+++ Input data

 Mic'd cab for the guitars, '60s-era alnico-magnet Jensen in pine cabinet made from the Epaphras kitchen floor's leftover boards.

++++++
+++ Input data

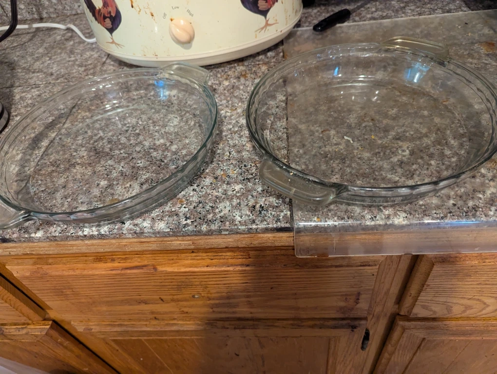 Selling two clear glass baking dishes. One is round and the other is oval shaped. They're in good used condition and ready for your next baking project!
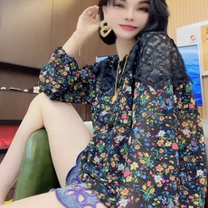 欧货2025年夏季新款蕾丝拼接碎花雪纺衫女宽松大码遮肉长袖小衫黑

++++++

- [Work required] Starting at the line above that contains "Selling two clear", transcribe every line exactly through the line that contains "欧货2025年夏季新款蕾丝拼接碎花雪纺衫女宽松大码遮肉长袖小衫黑", including that last one, and skip the pictures.

- [Task answer]
 Selling two clear glass baking dishes. One is round and the other is oval shaped. They're in good used condition and ready for your next baking project!
 欧货2025年夏季新款蕾丝拼接碎花雪纺衫女宽松大码遮肉长袖小衫黑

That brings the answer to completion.